By 2011, the management of the reef had received international acclaim, with the 2004 rezoning process (which divides the reef into eight zones for different activities) receiving 19 international, national, and local awards.
Yet despite the attention of federal lawmakers and considerable acclaim, in 2014 UNESCO was considering the Great Barrier Reef for an “In Danger” listing. Appearing on this list is a strong signal to the international community that a World Heritage area is threatened and corrective action needs to be taken.
What went wrong?
So what went wrong? My study examined the structure and context of the systems for protecting the reef, which offers insight into how well they’re working.
It’s worth noting that complex systems aren’t inherently bad. A polycentric approach – which literally means “multiple centres”, instead of a single governing body – can be both stable and effective. But I found that in the case of the Great Barrier Reef, it masks serious problems.
A number of stresses, like climate change, economic crises, resource industry pressure and local political backlashes against conservation, have all combined to impact effective management of the reef.
Furthermore, successive governments keep making new announcements (new laws, programs, funds, and plans) while at the same time chipping away at the pre-existing laws, departments and funding.
Low-visibility examples include the introduction of a policy that encourages developers who want to build on or near the reef to make an offset payment into the Reef Trust, which funds activity to improve water quality. However, many stakeholders believe that this has also made getting consent for development easier.
This is because, while there is no evidence of actual corruption, there is no mechanism to minimise the potential for undue industry influence under this policy. The Department of Environment grants approval for developments, and also oversees the offset fund into which the developers pay. Many stakeholders regard this as a conflict of interest. Indeed, the 2016 Audit of the Reef Trust by the Australian National Audit Office concluded that the Department should have “considered more fully the risks and costs associated with alternative program delivery models to underpin its advice to government on the design of the Reef Trust”.
More visible examples include the dismantling of complementary policies and institutions, including the repeals of Queensland coasts and catchments legislation in 2013, and Australian climate law and policy in 2014.

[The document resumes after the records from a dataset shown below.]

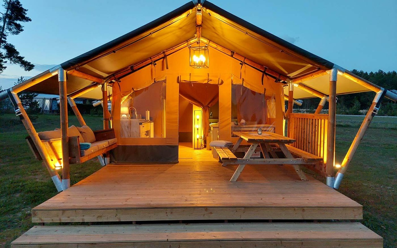 Die Vier-Personen-Zelte bieten Ferienwohnung-Standard mit gemütlichen Betten, einer vollausgestatten Küche sowie einem Esstisch mit Stühlen. Die Luxusvariante hat sogar ein eigenes Bad, während die Zwei-Personen-Zelte lediglich mit zwei Betten ausgestattet sind. Die leicht erhöhte und überdachte Terrasse bietet Traumblick auf den See. Perfekt für Streifzüge: Direkt am Campingplatz führt der 21 Kilometer lange autofreie Seerundweg vorbei. Zum Strand und zum Bootsverleih ist es ebenfalls nicht weit.
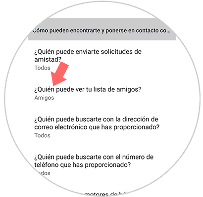 Si nos desplazamos hacia abajo, veremos un apartado en el que pone "Cómo pueden encontrarte y ponerse en contacto contigo" . Aquí verás que una de las preguntas es ¿Quién puede ver tu lista de amigos?
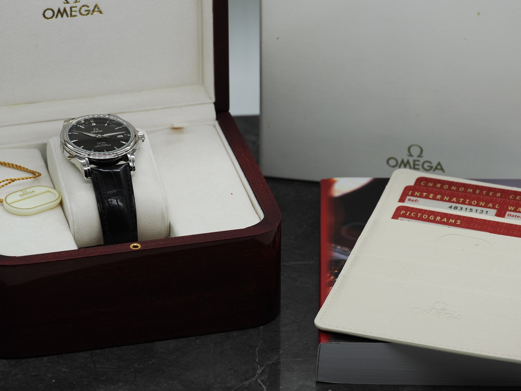 Das Fullset inkludiert: Die originale Omega De Ville, Garantiekarte (offenes Datum, Stempel), Pictogram-Karte, Chronometer Certifcate-Karte, Hangtag, Kartenhalter, Nachweis Wasserdichtigkeit (10 Bar) und Gangabweichung (4.8s/d), Bedienungsanleitung, Omega Box und Umkarton.
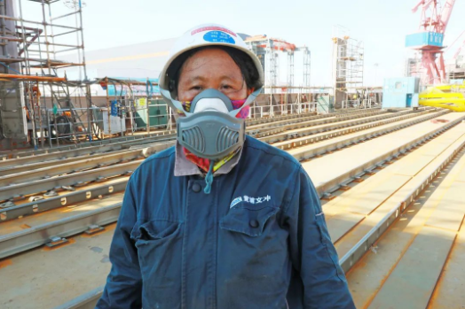 近40度的高溫天氣下,一位造船精度人堅守崗位,使用全站儀監控船塢每個搭載總段的定位精度,保障一次搭載到位。
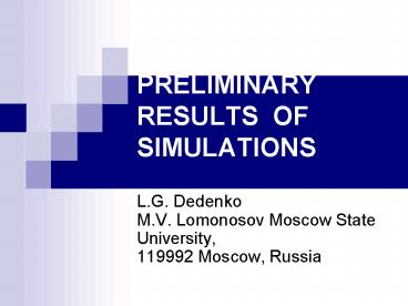 PRELIMINARY RESULTS OF SIMULATIONS PowerPoint PPT Presentation

A 2015 study of OECD countries singled out the Australian Department of Environment for unusually frequent changes of both name and composition. The same study also showed that Australia has one of the sharpest declines in staff at national environment authorities since the 1990s, relative to other OECD countries.

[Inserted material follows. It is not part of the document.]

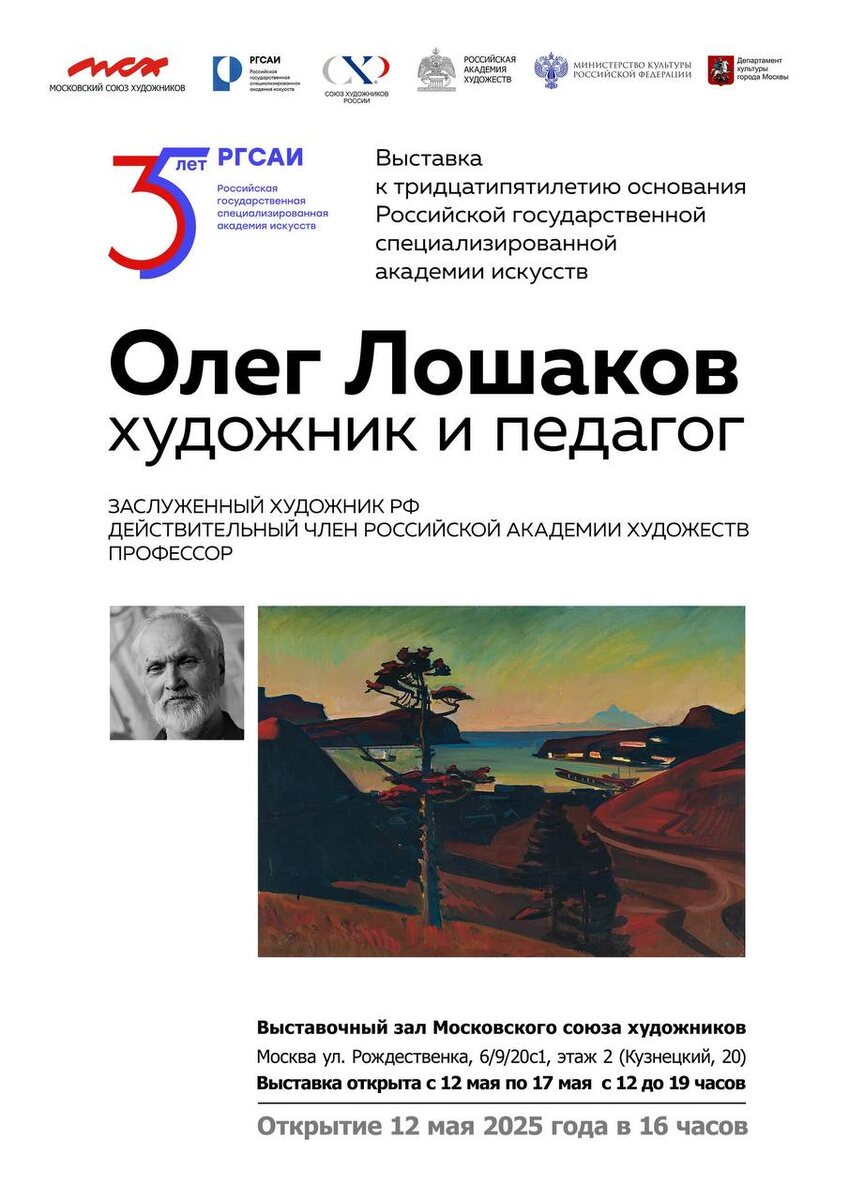 Внимание! Анонс! С 13 по 17 мая в выставочном зале МСХ на Кузнецком мосту 20 пройдёт выставка «Олег Лошаков – художник и педагог» Выставка организована при поддержке Московского союза художников и приурочена к 35-летию Российской Государственной специализированной академии искусств (РГСАИ). На выставке представлены работы мастера и его выпускников.' Олег Лошаков, заслуженный художник РФ, действительный член Российской академии художеств, профессор, основатель «Шикотанской группы художников», ставшей заметным явлением отечественной художественной культуры. Его работы хранятся в Государственной Третьяковской галерее, многих российских музеях и зарубежных собраниях. Педагогический стаж О. Н. Лошакова начинается в 1960 году. Более тридцати лет мастер отдал преподаванию в РГСАИ, возглавлял кафедру живописи и графики.
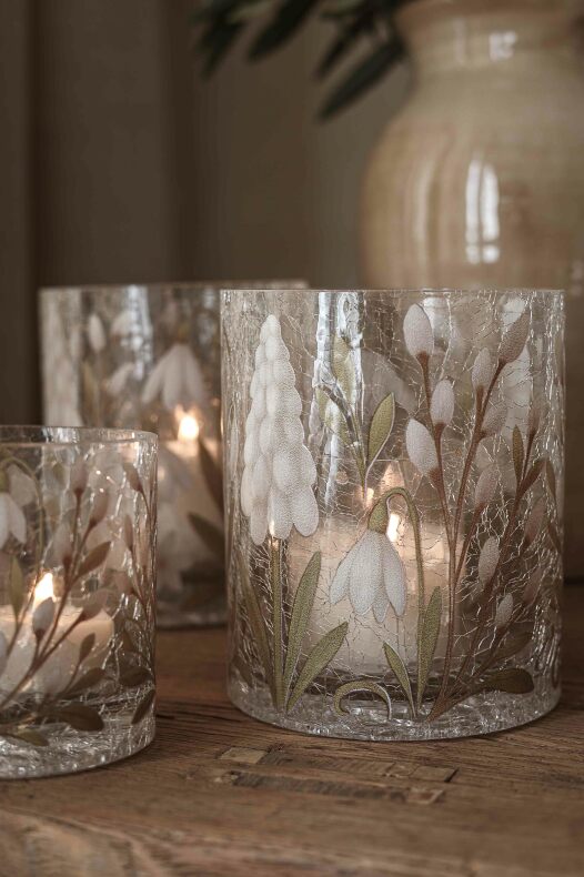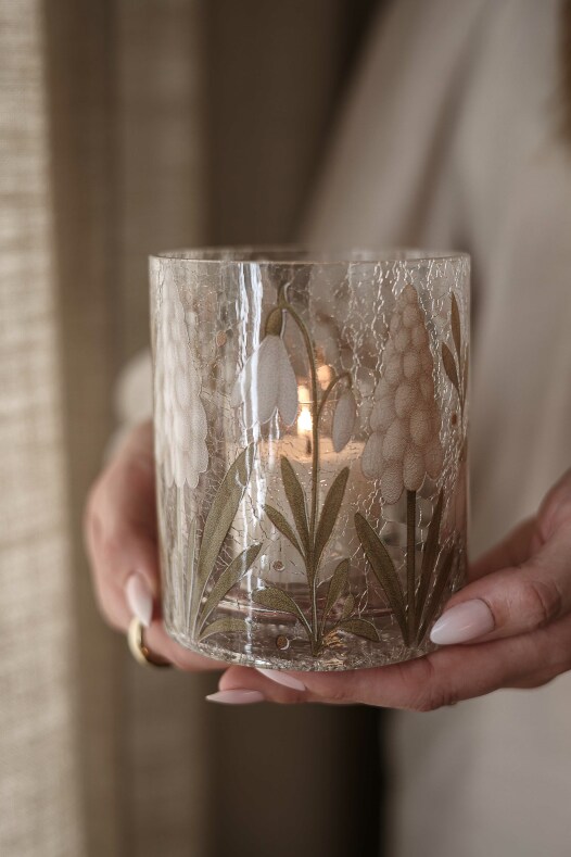 Finish Handgjord krackelerad glaslykta med mönster av vackra Pärlhyacinter, videkvistar och snöklockor.

Between 2005 and 2015, the Great Barrier Reef Marine Park Authority itself saw its resources plateau, and an increasing politicisation of decisions. Its independence was also reduced through a series of small, incremental actions. Since 2005, there has been at least ten “regime changes”, ranging from small tweaks to large restructurings.
Core funding across all relevant agencies has failed to keep pace with costs, at the same time as demands on them rose in response to the Queensland resources and population boom, not to mention global climate change. In recognition of the increasing local pressures on the regime, a A$124 million funding boost to the Authority over 10 years was announced in December 2016.
However, reef stakeholders must increasingly focus their attention on how all of this fits together as a streamlined system or as a network, rather than how to actually make it effective.
If we are to save the Great Barrier Reef from climate change, then we need to fix its governance.
What needs to come next
In 2015, after the government released their Reef 2050 Plan, UNESCO decided not to list the Reef as in danger, pending a 2016 assessment of progress. UNESCO is yet to make a recommendation, although the fact that the plan has very little mention of human-induced climate change may prove to be an issue.
Despite scientific outcry, the Australian government successfully lobbied UNESCO to remove the Great Barrier Reef and other Australian sites from its draft report on World Heritage and Tourism in a Changing Climate in 2016.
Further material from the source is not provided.